◆ Record set ◆
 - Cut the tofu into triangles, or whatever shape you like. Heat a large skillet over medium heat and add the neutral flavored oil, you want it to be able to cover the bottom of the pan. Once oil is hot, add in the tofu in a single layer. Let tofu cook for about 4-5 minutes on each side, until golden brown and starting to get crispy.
* * *
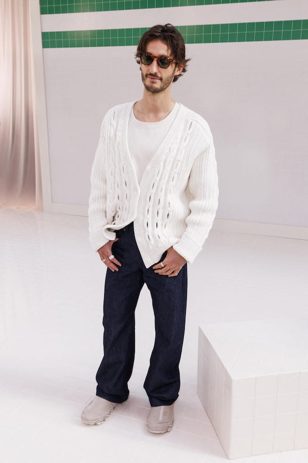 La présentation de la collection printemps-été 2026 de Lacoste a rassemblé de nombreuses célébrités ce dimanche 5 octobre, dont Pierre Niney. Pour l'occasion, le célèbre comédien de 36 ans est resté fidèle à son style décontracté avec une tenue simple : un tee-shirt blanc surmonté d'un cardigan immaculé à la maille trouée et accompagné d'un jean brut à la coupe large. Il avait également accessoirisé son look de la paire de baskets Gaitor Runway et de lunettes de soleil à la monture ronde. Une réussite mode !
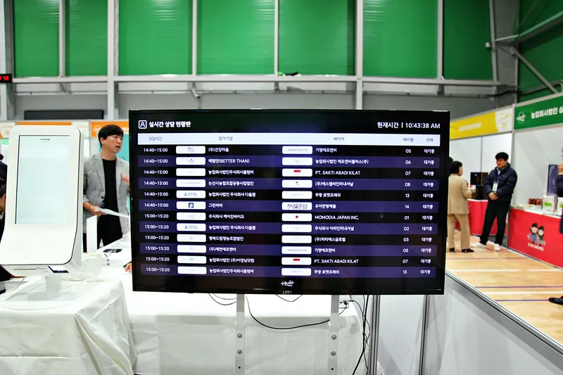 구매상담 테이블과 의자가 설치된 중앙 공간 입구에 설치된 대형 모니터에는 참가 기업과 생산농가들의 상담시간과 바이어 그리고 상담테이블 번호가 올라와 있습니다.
---
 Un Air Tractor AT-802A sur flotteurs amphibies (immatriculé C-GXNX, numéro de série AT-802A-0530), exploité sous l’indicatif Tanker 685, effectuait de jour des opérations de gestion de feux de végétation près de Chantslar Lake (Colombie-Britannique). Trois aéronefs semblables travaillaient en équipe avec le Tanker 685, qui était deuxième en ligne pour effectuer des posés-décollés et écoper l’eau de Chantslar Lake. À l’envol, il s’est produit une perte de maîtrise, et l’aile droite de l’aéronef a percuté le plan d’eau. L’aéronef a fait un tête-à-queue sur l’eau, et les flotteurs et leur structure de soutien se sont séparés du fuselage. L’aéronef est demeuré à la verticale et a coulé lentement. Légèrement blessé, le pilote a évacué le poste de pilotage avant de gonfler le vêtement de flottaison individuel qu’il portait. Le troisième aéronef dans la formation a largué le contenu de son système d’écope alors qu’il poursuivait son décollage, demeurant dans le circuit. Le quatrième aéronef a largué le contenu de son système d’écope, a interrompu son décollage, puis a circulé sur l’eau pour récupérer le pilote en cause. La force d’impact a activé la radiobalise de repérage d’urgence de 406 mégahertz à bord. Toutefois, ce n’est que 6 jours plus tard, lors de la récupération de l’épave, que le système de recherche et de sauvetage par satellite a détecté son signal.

◆ About this task ◆
Going by the entries above, repeat exactly the lines that start at the line with "La présentation de" and go on through the line with "구매상담 테이블과 의자가". Pictures are not part of the copy.

◆ Solution ◆
 La présentation de la collection printemps-été 2026 de Lacoste a rassemblé de nombreuses célébrités ce dimanche 5 octobre, dont Pierre Niney. Pour l'occasion, le célèbre comédien de 36 ans est resté fidèle à son style décontracté avec une tenue simple : un tee-shirt blanc surmonté d'un cardigan immaculé à la maille trouée et accompagné d'un jean brut à la coupe large. Il avait également accessoirisé son look de la paire de baskets Gaitor Runway et de lunettes de soleil à la monture ronde. Une réussite mode !
 구매상담 테이블과 의자가 설치된 중앙 공간 입구에 설치된 대형 모니터에는 참가 기업과 생산농가들의 상담시간과 바이어 그리고 상담테이블 번호가 올라와 있습니다.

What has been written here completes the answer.